PROBLEM DETAILS.
Below this line is a listing that includes pictures. Copy exactly, and only, the lines from the one containing "While I like" through the one containing "The main bathroom"; the pictures do not go in the copy.

RECORDS SUPPLIED.
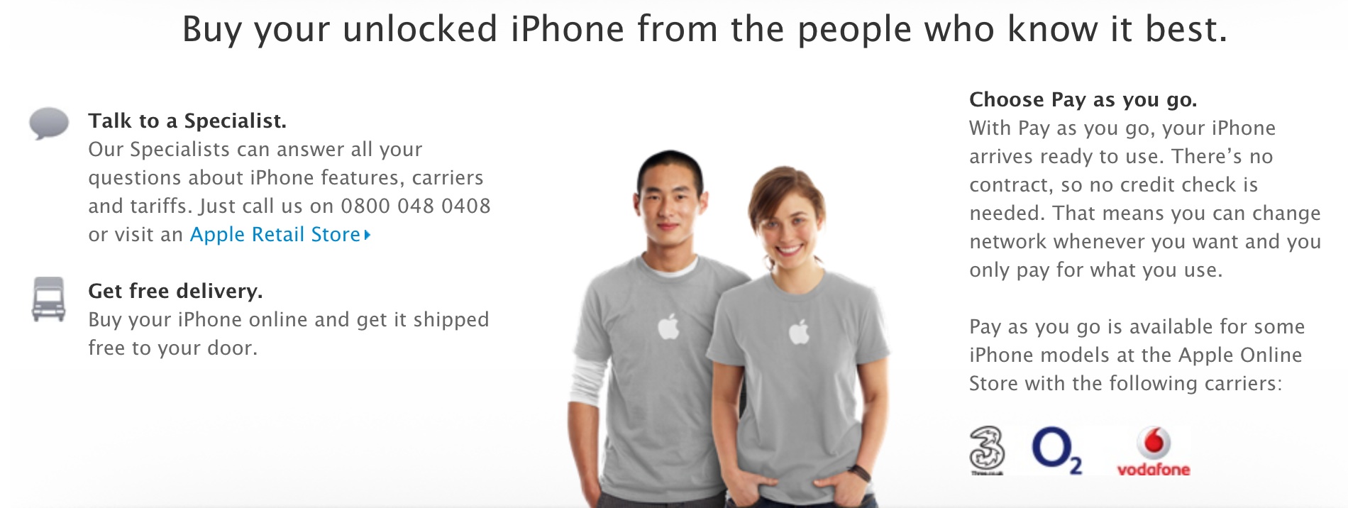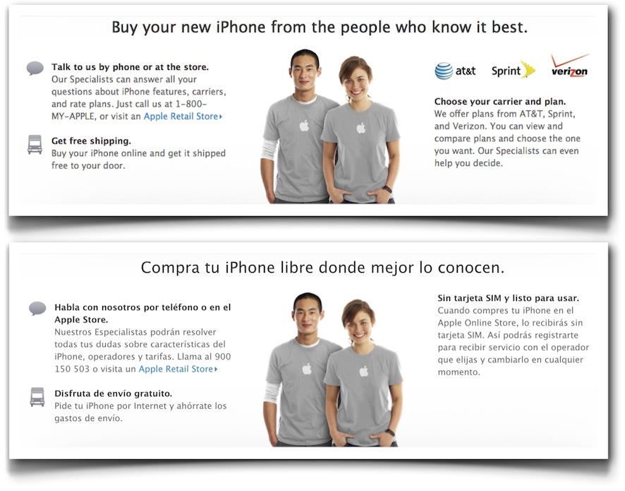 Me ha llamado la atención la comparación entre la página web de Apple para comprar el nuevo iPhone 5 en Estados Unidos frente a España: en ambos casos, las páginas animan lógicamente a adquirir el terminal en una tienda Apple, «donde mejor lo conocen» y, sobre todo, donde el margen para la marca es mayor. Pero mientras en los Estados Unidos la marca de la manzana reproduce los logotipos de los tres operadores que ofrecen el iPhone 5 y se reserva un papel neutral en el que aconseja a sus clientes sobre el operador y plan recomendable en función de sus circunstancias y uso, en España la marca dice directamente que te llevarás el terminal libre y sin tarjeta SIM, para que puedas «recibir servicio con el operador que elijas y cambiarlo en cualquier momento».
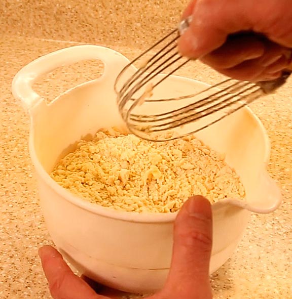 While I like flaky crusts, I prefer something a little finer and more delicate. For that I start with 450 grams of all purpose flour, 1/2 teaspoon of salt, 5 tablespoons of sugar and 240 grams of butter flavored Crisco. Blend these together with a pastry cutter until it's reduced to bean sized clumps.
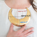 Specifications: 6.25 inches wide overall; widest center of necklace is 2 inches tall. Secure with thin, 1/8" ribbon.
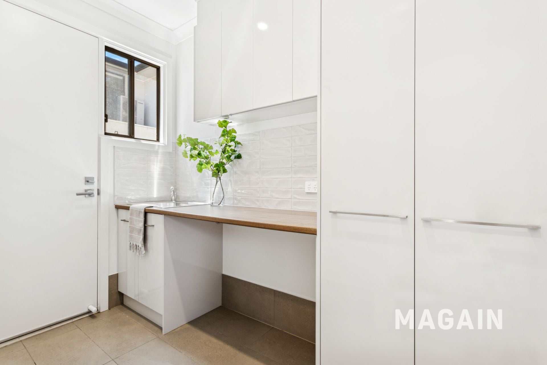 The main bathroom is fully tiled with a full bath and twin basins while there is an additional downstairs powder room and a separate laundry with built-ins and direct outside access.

...

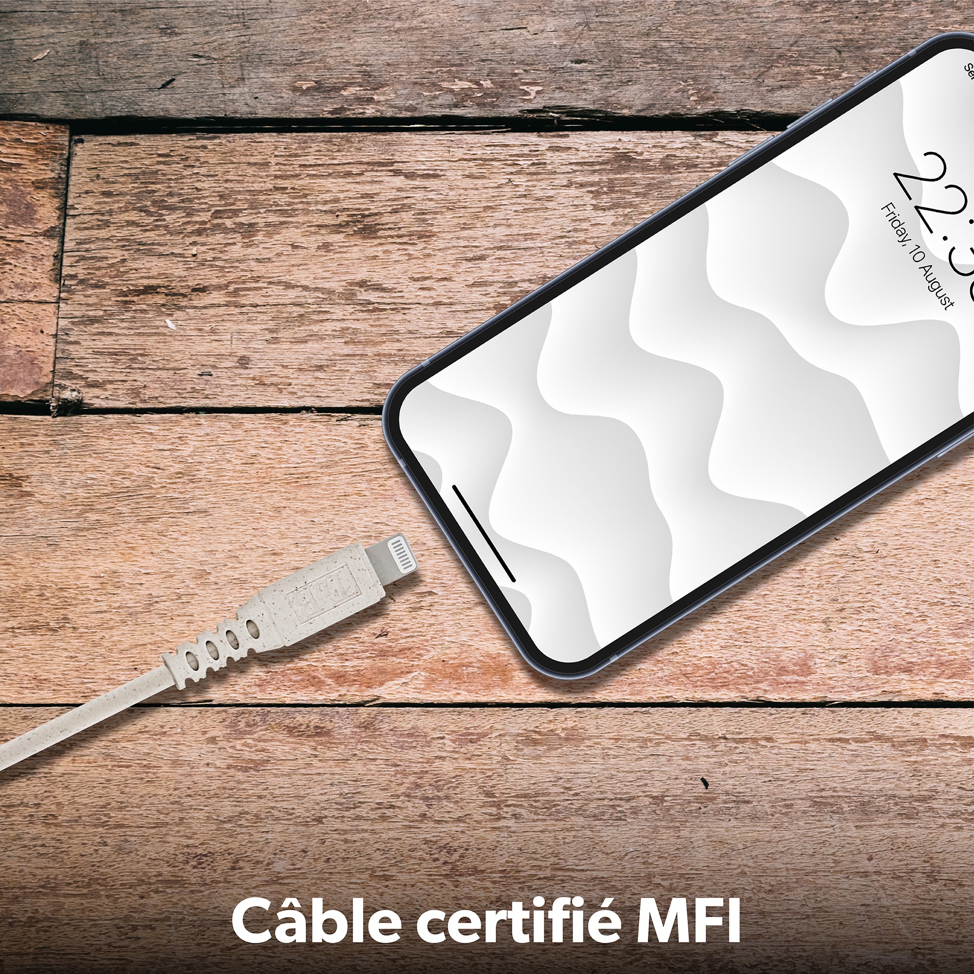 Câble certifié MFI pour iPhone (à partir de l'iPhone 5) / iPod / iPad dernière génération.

---

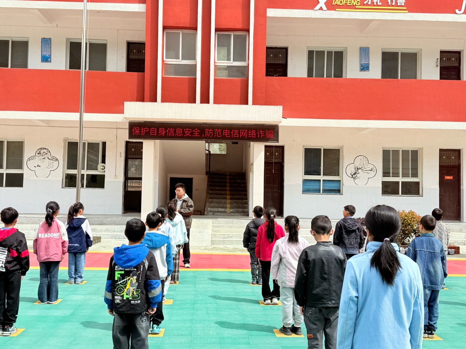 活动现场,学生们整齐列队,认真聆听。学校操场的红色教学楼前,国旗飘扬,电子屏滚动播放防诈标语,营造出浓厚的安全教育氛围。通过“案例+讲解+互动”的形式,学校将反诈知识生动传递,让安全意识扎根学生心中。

FINAL ANSWER.
 While I like flaky crusts, I prefer something a little finer and more delicate. For that I start with 450 grams of all purpose flour, 1/2 teaspoon of salt, 5 tablespoons of sugar and 240 grams of butter flavored Crisco. Blend these together with a pastry cutter until it's reduced to bean sized clumps.
 Specifications: 6.25 inches wide overall; widest center of necklace is 2 inches tall. Secure with thin, 1/8" ribbon.
 The main bathroom is fully tiled with a full bath and twin basins while there is an additional downstairs powder room and a separate laundry with built-ins and direct outside access.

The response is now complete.